This is an old revision of the document!

### Table of Contents

This page is under construction!

### General

• Infomap NLP Software: Not in development any more. The authors recommend to use SemanticVectors instead!!!
• Uses Latent Semantic Analysis
• The implementation is in C.
• Infomap is intended to build language models' and to perform information retrieval tasks on the such models
• Simple input format
• You might need gdbm libraries. I had troubles installing this libraries in my laptop. In the present moment it is not working.
• The documentation includes installation instructions, algorithm description and implementation guide.

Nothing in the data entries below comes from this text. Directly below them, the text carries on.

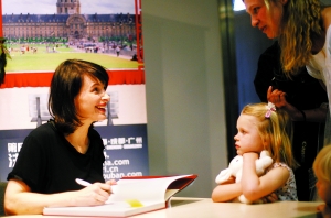 因行程緊,比諾什晚了近一小時才到。狹小的法國文化中心里,等待“才女”的中外影迷排到了大門外,有坐輪椅的,有帶小孩的!熬偷瓤匆谎鬯嫒恕边@樣的興奮低語此起彼伏。有人借著簽售給比諾什遞去寫得滿滿的信,也有沒買書仍擠上前去的,還有自稱看了三場《我之深處》的比諾什“舞迷”。更多的人拿起300元一本的書,掂了掂就放下了,轉而扶緊相機捕捉影星顰笑。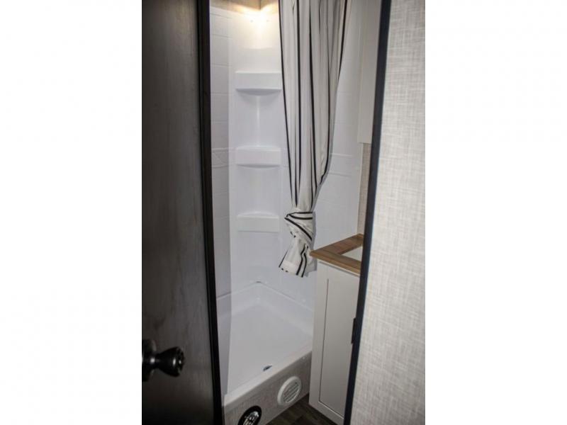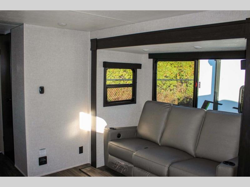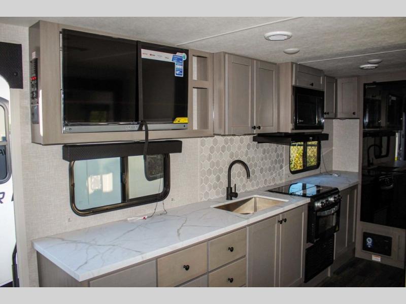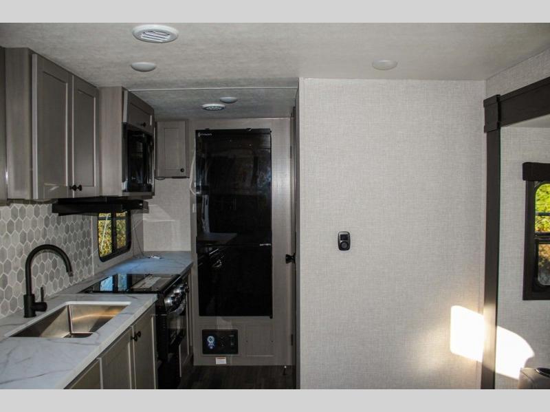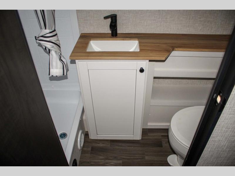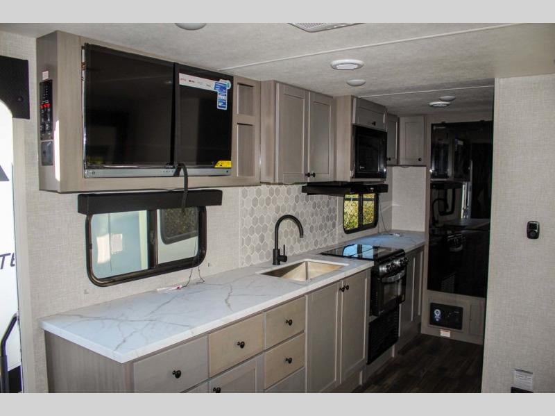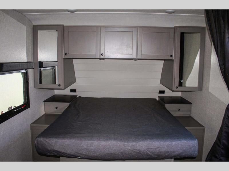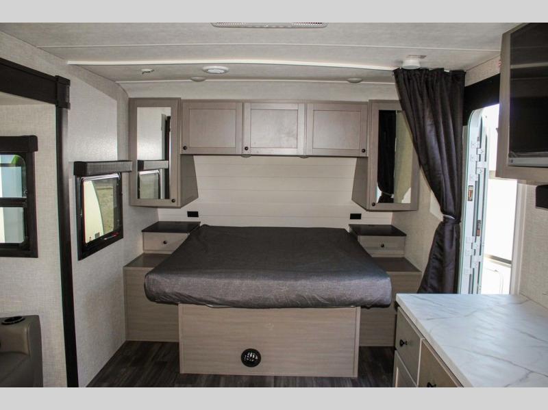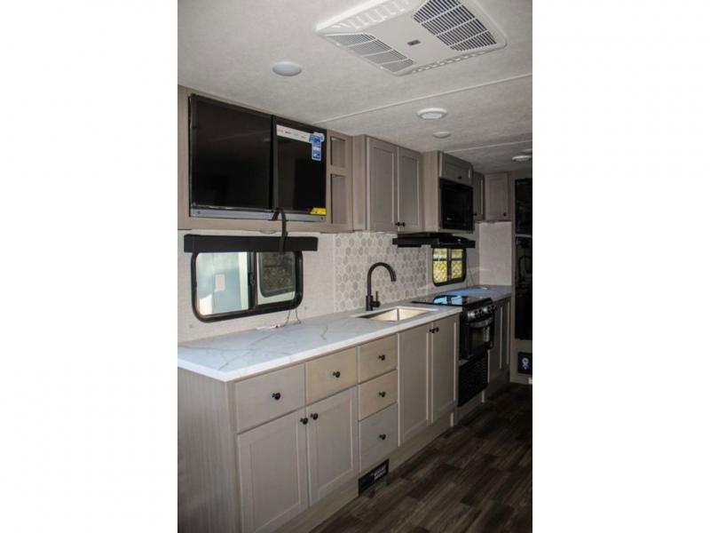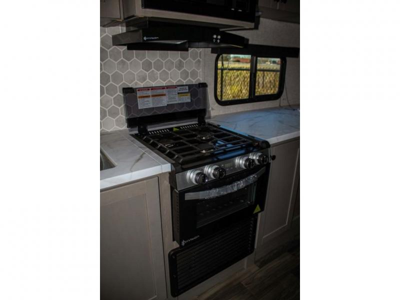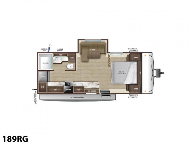 You and your spouse will enjoy camping in this travel trailer! The L-sofa slide out provides more space to stretch out and relax, and there is a table with it to enjoy your meals. This model includes a rear corner kitchen with plenty of counter space, a 10 cu. ft. 12V refrigerator, plus a three burner range with a 17" oven. Get a good night's rest each night on the front queen queen bed with wardrobes on either side and a privacy curtain to draw for added privacy. You will find a grill hookup LP quick connect outdoors plus an exterior docking station and a sprayer hose, and a pass-through storage for hiking and fishing gear!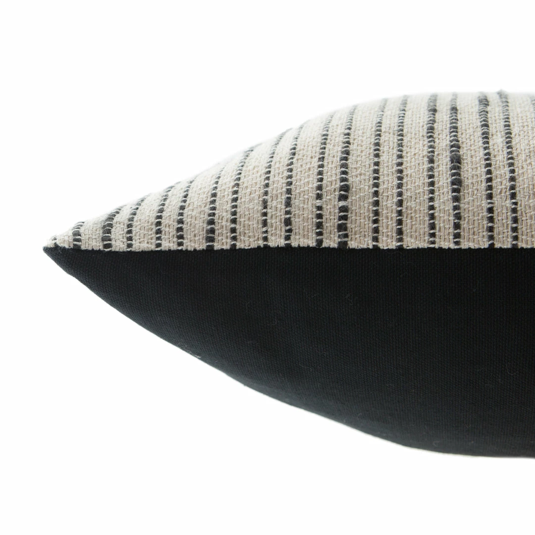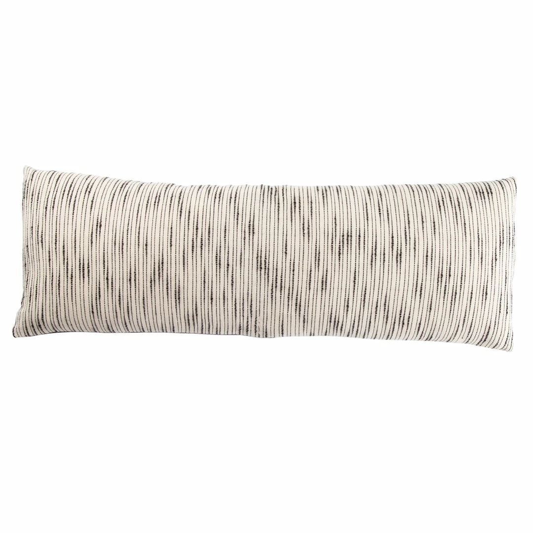 The Mercado pillow collection marries bohemian charm and irresistible texture. The long Linnean lumbar pillow is crafted of soft cotton, featuring a stitched linear design that recalls a traditional raw silk look. In contrasting charcoal gray and ivory, this plush accent complements a range of stylish spaces.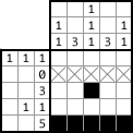 The lowest row, it says “5”. There are only five cells in the row, so, let’s paint them all! Then the next upper row, it says “1” and “1”. Well, can’t be figure out …let’s see one more upper row. The middle row, it says “3” only. But there are only five cells in each rows so that one cell must be painted no matter you would start painting from the left or from the right. |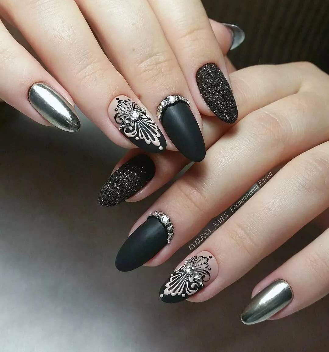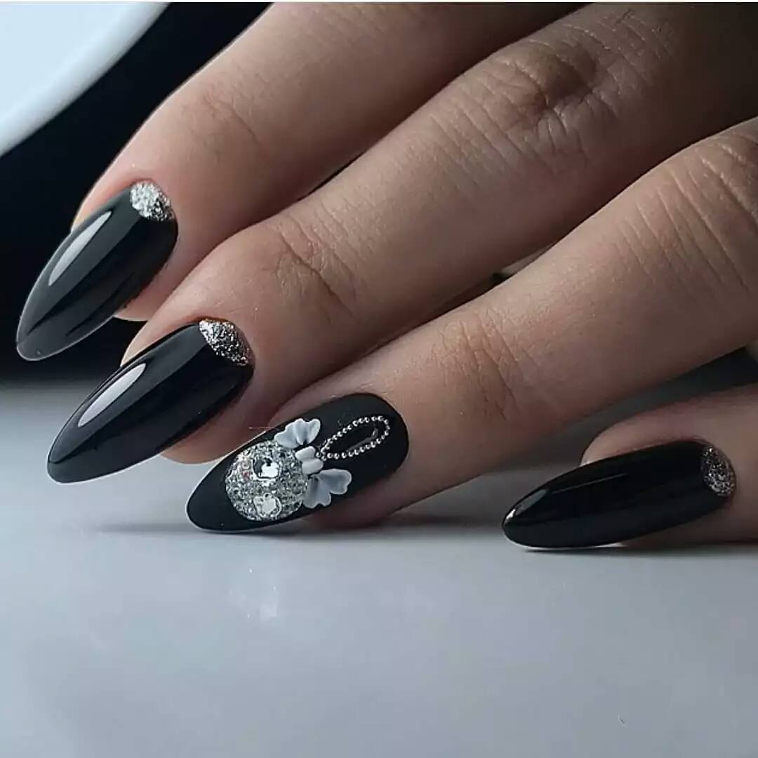 Чтобы смягчить черный дизайн ногтей используйте матовое покрытие, декор с меланжем, серебряным глитером. Стразы, бульонки и кристаллы используются для выделения прикорневой зоны, геометрического и цветочного декора. В торжественных образах шикарно смотрится дизайн с инкрустацией стразами. Для маникюра можно использовать как прозрачные серебряные стразы, так и черные камни.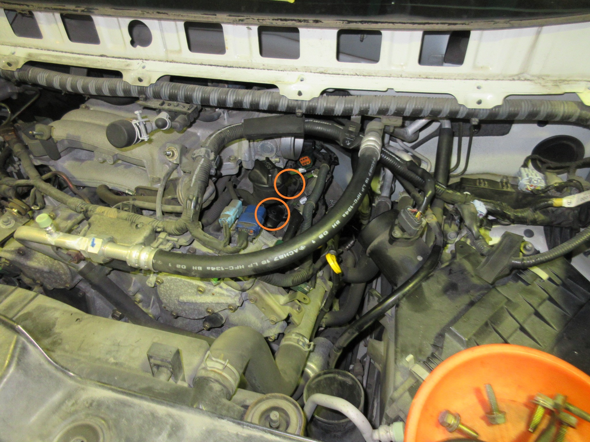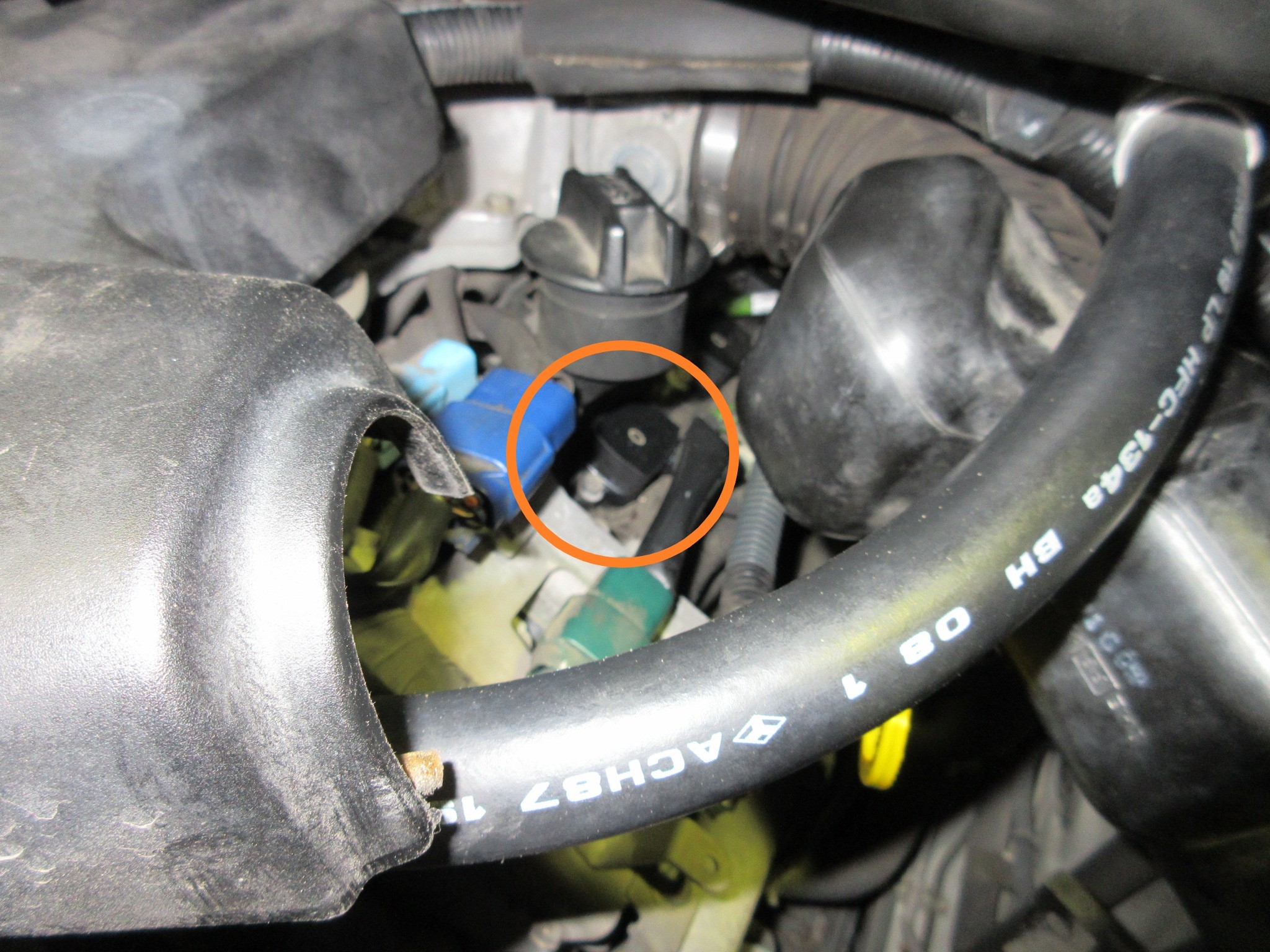 覗き込むと、助手席側のこの丸印に2番シリンダーのコイルに手が入るのを発見したので、まずはこちらを外して点検します。

Eduardo Aponte 2010/10/31 12:28

### Installation

• Before installing Infomap you would have to install gdbm libraries in your computer. This could be quite challenging. In the following I document the installation process I followed.
1. As a first step, you should download the last version of gdbm.
2. Untar the .gz file and go into the created directory.
3. Try:
./configure

This command should try to configure the program to your system specifications. It is highly likely that this process fails. The most likely reason is that a system library called libtool is not version compatible. To check your version of this program (in ubuntu):

apt-cache policy libtool

. I presuppose you have libtool installed in your computer. You probably have a newer version of libtool as the one presuppose by the gdbm package. The solution I found was to run:

autoconf -f -oconfigure
4. The last overwrote all the libtool-related files in the directory. Now you can run
make

safely. If you obtain the following error -which actually is highly unlikely

checking build system type... Invalid configuration x86_64-unknown-linux-gnu': machine x86_64-unknown' not recognized

you will need to deceive the program. Add before any command:

linux32
5. You might also have problems with the ANSI c headers. To solve this problem
sudo apt-get install libc6-dev

### Testing

The first step in order to build a model is to choose a directory where the models will be created. This is done by setting an environment variable

INFOMAP_WORKING_DIR=/home/jrandom/infomap_models
export INFOMAP_WORKING_DIR

Afterwards run build the model. Informap accepts two formats: a single file where documents are divided by xml markers or as set of files, where every file contains exactly one document. I decided to use this second option. As input, there should be a file specifying the name of file containing a document.

infomap-build -m /usr/local/share/corpora/manyNames.txt many_01

Remember to add infomap to your PATH variable.

In corpora directory, you will find a simple py script for building a corpora from a file where every line is a document. Afterwards I used the following command:

infomap-build -m /net/data/CL/projects/wordspace/software_tests/corpora/infoCorpus/directory.txt firstModel`

directory.txt is a file contaning the name of every file contaning a document.